The Pope Must Die (alternative known title as The Pope Must Diet! in the United States and Canada) is a 1991 British Catholic Church comedy film directed by Peter Richardson, who also wrote the screenplay with Pete Richens derived from elements of an earlier screenplay for a three-part mini-series satirising the Catholic Church, and which had been rejected by Channel 4. The film stars Robbie Coltrane as a low ranking priest who is mistakenly elected Pope, then has to avoid being assassinated by the Mafia. The film co-stars Adrian Edmondson, Annette Crosbie, Herbert Lom and Alex Rocco. The film was released by Palace Pictures with the backing of Channel 4 Films.

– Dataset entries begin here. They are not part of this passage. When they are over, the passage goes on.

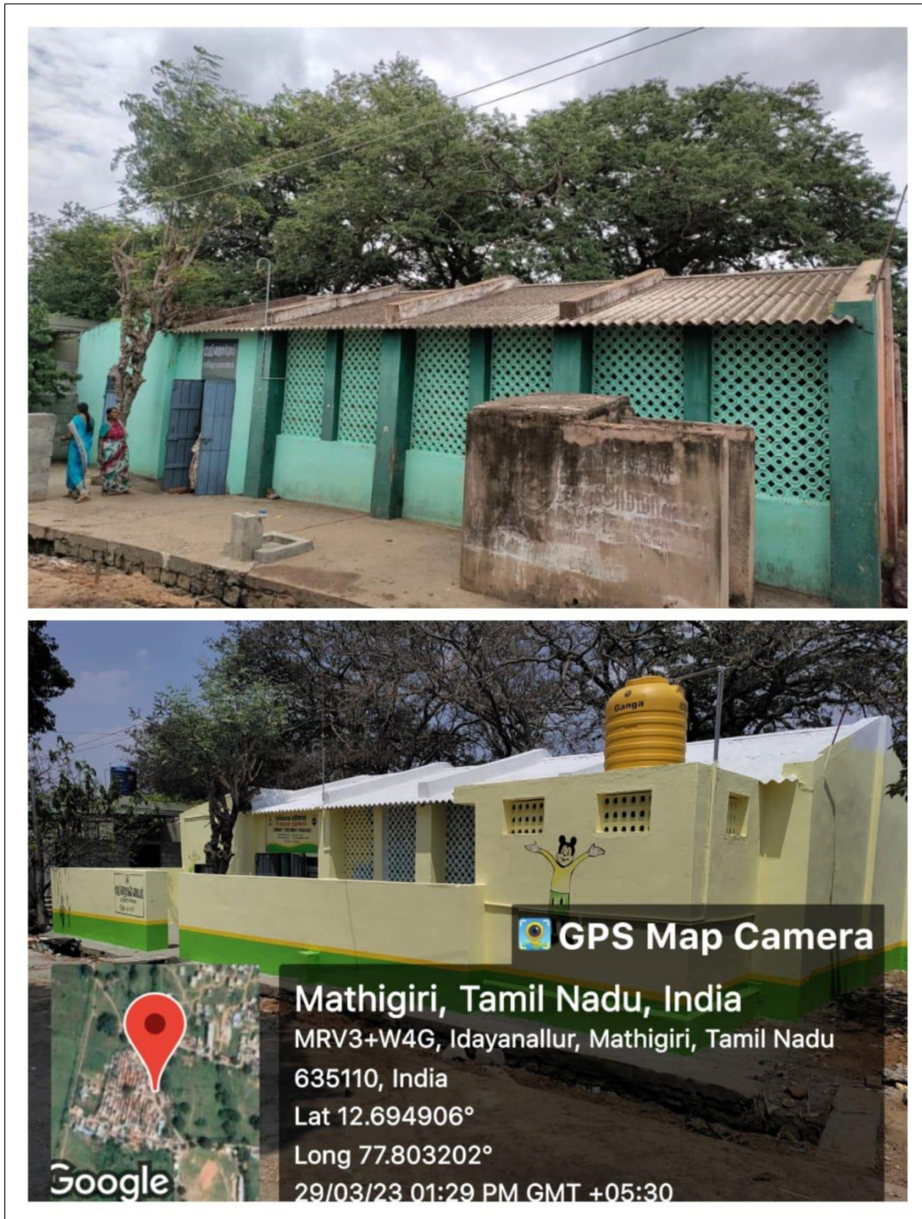
A renovated Anganwadi building at Kudirepalayam village

To ensure the quality and maintain the Anganwadis after the renovations done, we are promoting mothers committees in all the villages. The mothers committees will have its office bearers such as President, Secretary and Treasurer like SHG models. The members of the committee will be the parents of Anganwadi children and pregnant mothers those who attend the Anganwadi nutrition centre. They will also monitor and supervise the Anganwadi renovation works which will be carried out from our project. Up to FY: 2022-23, we have promoted 32 mothers committees.
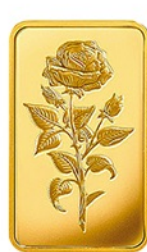
Emirates 10 Gram Gold Bar

Net Deposit 9,000 USD Trade Volumes 900 (Standard Lots)
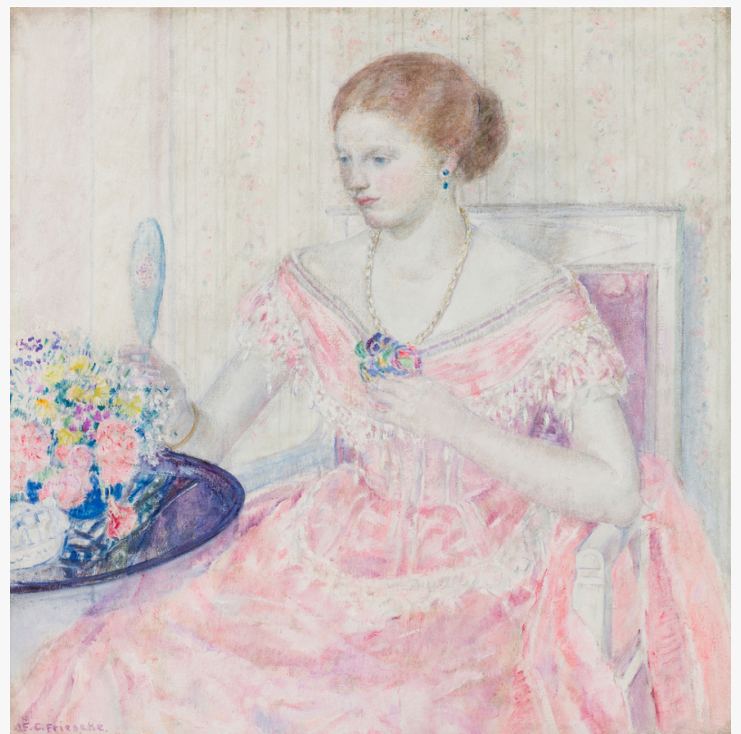
Oil on canvas painting by Frederick Carl Frieseke (American, 1874-1939), titled The Rose Gown (1915), signed, 32 inches by 32 inches (est. $80,000-$120,000).
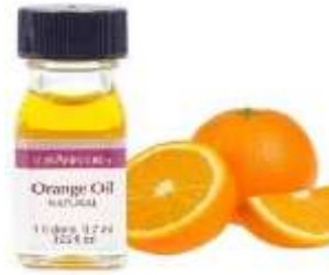
Figure no 10. Orange oil
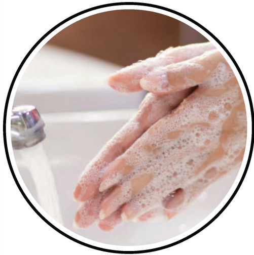
Step 1: Wash hands with soap & water and dry thoroughly.
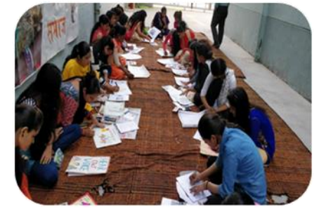
Poster Making Competition
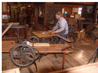
Paul Bunyan greets visitors (left), while Eric demonstrates treadle powered table saw (above).

Guests are greeted by a 15-foot carved and painted statue of Paul Bunyan located next to the main entrance. Once inside, visitors are first presented with a display area containing a treasure of 19 th century human powered woodworking machines. The collection included numerous scroll saws, drill presses, table saws and shapers all powered by treadles or bicycle-like pedals. The picture above shows Eric operating a treadle powered table saw.
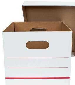
Standard-Duty Storage Boxes, 10/pk Item: 6275549
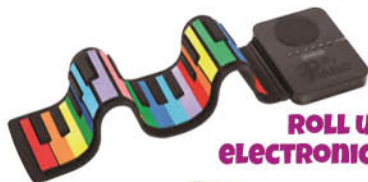
ROLL UP ELECTRONIC PIANO
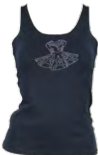
Irish Dance Dress Motif
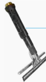
Lance with window cleaner & diffuser 250mm - 350mm - 450mm
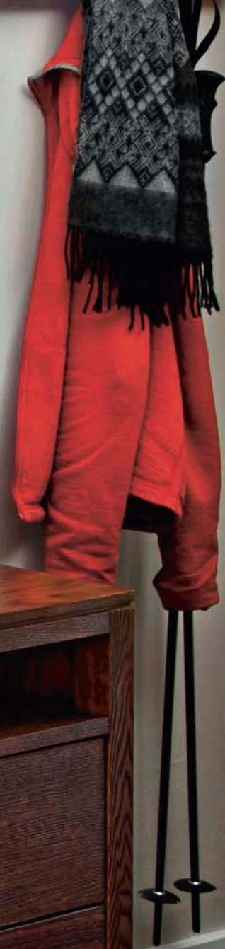
111 Navy Chair in Persimmon Basecamp Hotel, South Lake Tahoe, USA By: Elaine Cotter.
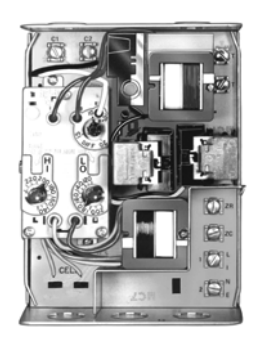
Vertical or Horizontal Mount
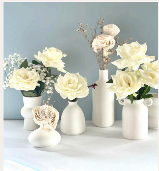
MODERN SOHO MIX ~$19.50 EACH
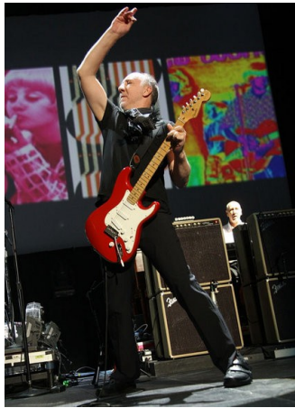
Pete Townshend and Keith Moon

They were a major influence on rock'n'roll. At its beginnings the group was called "Who" but later it changed for "The Who". In 1965, the known group had its first major hit: "I can' T explain" which did not have that success after having passed at the TV. It signed a contract with Talmy and its production. Their first album was « My generation » which was a collection of some singles written by Pete Townshend.
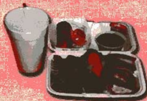
Teriyaki Chicken & Beef
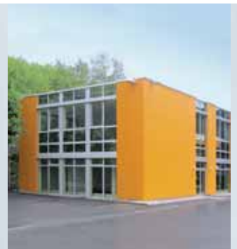
Seminars: Fire Protection Centre in Freisen

Experienced expert advisers at our sales organisations in your region advise you in all matters concerning the facility from the planning stage and clarifying technical matters to the final building inspection. Professional and expert door element fitting is guaranteed by experienced Hörmann fitters and specially trained staff.
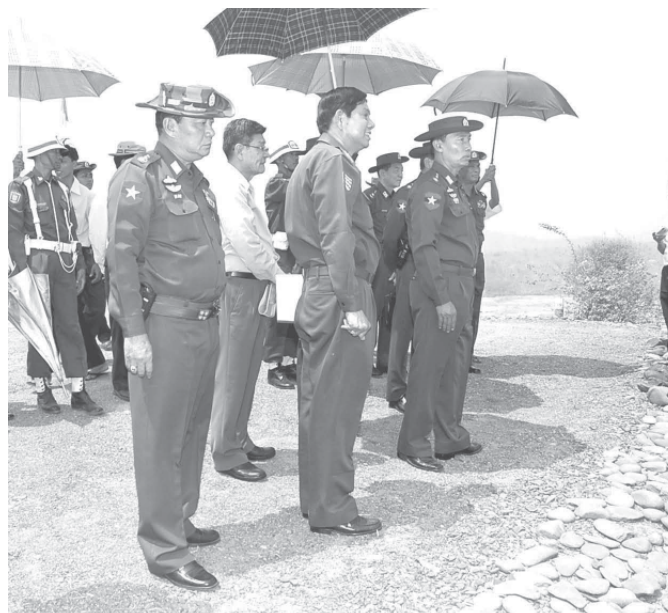
Member of the SPDC General Thura Shwe Mann looks into Kanyin dam project.
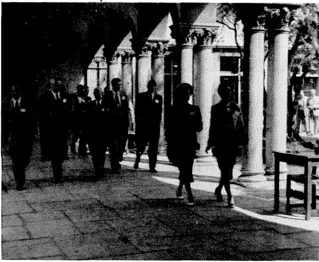
Full day's program kept visitors on the move
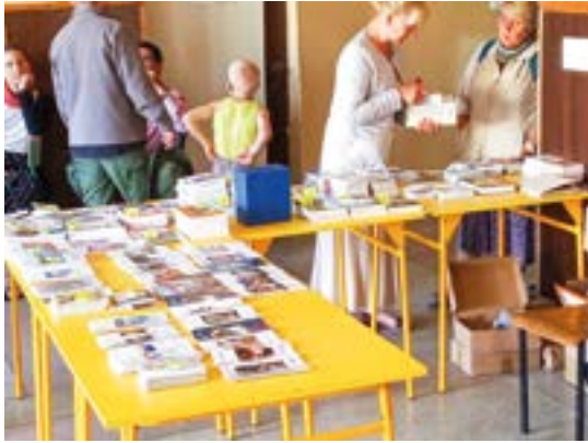
Temporary bookstore after the Pilgrimage in Czestochowa

1. The name: they began by changing the supposedly all-too-militant name of Militia (Knighthood) Immaculatæ to "Mission of the Immaculata", so as to correspond better with the principles of religious freedom and conciliar pacifism. Soon afterward, the Statutes were adapted to the spirit of the Council. The quotations in the new Statutes are taken exclusively from conciliar texts and the writings of Pope Paul VI and Pope John Paul II, along with a few quotations from St. Maximilian.

The film was originally planned as a part of a three-part mini-series for Channel 4, which was cancelled by the station after press outcry. This led Richardson to sever his long relationship with Channel 4 and move his future productions to the BBC. The budget for the film was later approved by Palace Pictures with the backing of Channel 4 Films.
The production was filmed in 1990 in Yugoslavia on a budget of £2.5 million.

The film's subject matter was controversial, which caused the distributors serious difficulties with its promotion, London Transport refusing to carry advertising for it until the film's posters were censored. In the United States the Big Three television networks refused to show commercials for the film, which they said was sacrilegious and offensive. Many newspapers in the US also censored or refused to carry advertising for the film.

Plot
The plot is predicated on the Vatican being controlled by the Mafia boss Vittorio Corelli. The movie opens with the death of the previous Pope followed by a deadlocked conclave that lasts for 25 days. The conclave is ended by the Mafia's tame Cardinal Rocco, who successfully persuades the College of Cardinals to elect in absentia the Mafia's favoured candidate to the papacy, Albini (Janez Vajevec), a priest in the service of the Mafia, whom Rocco passes off as an absent "Cardinal Albini".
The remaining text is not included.